自分の小説の初めてのファンがくれた50円玉をネックレスにしてくれるレーチ。レーチ自身のお金じゃないところがまたいいね。あくまで純粋な読者のファンを獲得できた嬉しさが結晶しており、それをレーチの優しさと粋さが支えるかたち。
ハードルのゴム部分を使ってたのか。それ以外の部分に目を向けさせるトリックいいね
忘れっぽい教授は、自分の学生時代を忘れている!! この子ども時代の不在が、彼をミステリアスな名探偵として際立たせているのか。たしかにまったく少年時代が想像つかない。生まれながらの「大人」であり、子どもを守る名探偵である。
教授がいかにして育ち、名探偵になったのかという過去が明かされたら、彼の人間的な厚みが出て共感しやすくはならと思うけれど、それじゃだめなんだろうな。

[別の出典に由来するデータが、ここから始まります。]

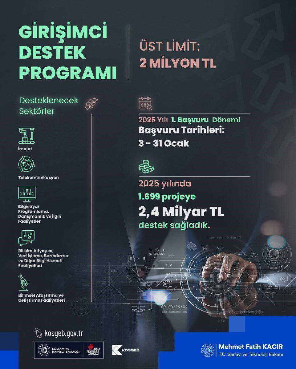 Program çerçevesinde 2 milyon liraya kadar destek sunulduğunu vurgulayan Bakan Kacır, şunları ifade etti: “Girişimcilerimize 2 milyon liraya kadar destek sağlıyoruz. KOSGEB Girişimci Destek Programı İş Geliştirme Desteği ile imalat, bilişim ve bilimsel araştırma alanlarında faaliyet gösteren girişimcilerimizin, personel, yazılım, makine-teçhizat ve kalıp, hizmet alımı giderlerine katkıda bulunuyoruz. 2025 yılında bin 699 proje için 2,4 milyar lira destekleme kararı aldık. 2026’da daha fazla girişimcimizi üretime, yeniliğe ve güçlü bir geleceğe taşımayı hedefliyoruz.”

すべての大人には子ども時代があったこと。それはラーメン屋で真木先生も言っていた。そんな彼女の自殺を止める教授。子どもだけでなく、かつて子どもだった大人をも救う、子どもだったことがない名探偵。今でも子どもだとも言えるが。
え、ブラフじゃなくてマジで教授と真木先生のヘテロロマンスもやるのか…… いい感じになる主人公たち中学生カップルとは対照的に、互いに引かれあいながらも一線を引いて別れる熟れた大人のカップル……。
内なる自分の抑圧された声。亡霊の条件。分裂する自我。
うおおお もうガッツリ告白してるようなもんやんけ!! 両想いでカップル成立しとる……
エピローグの日常の謎、ささやかでお見事だなぁ〜
亜衣も日常の謎を部活で書いてるのね
おわり。
最高の学園ミステリだった……
夢水もマチトムもわたしの青春、いや、より古い原体験です。。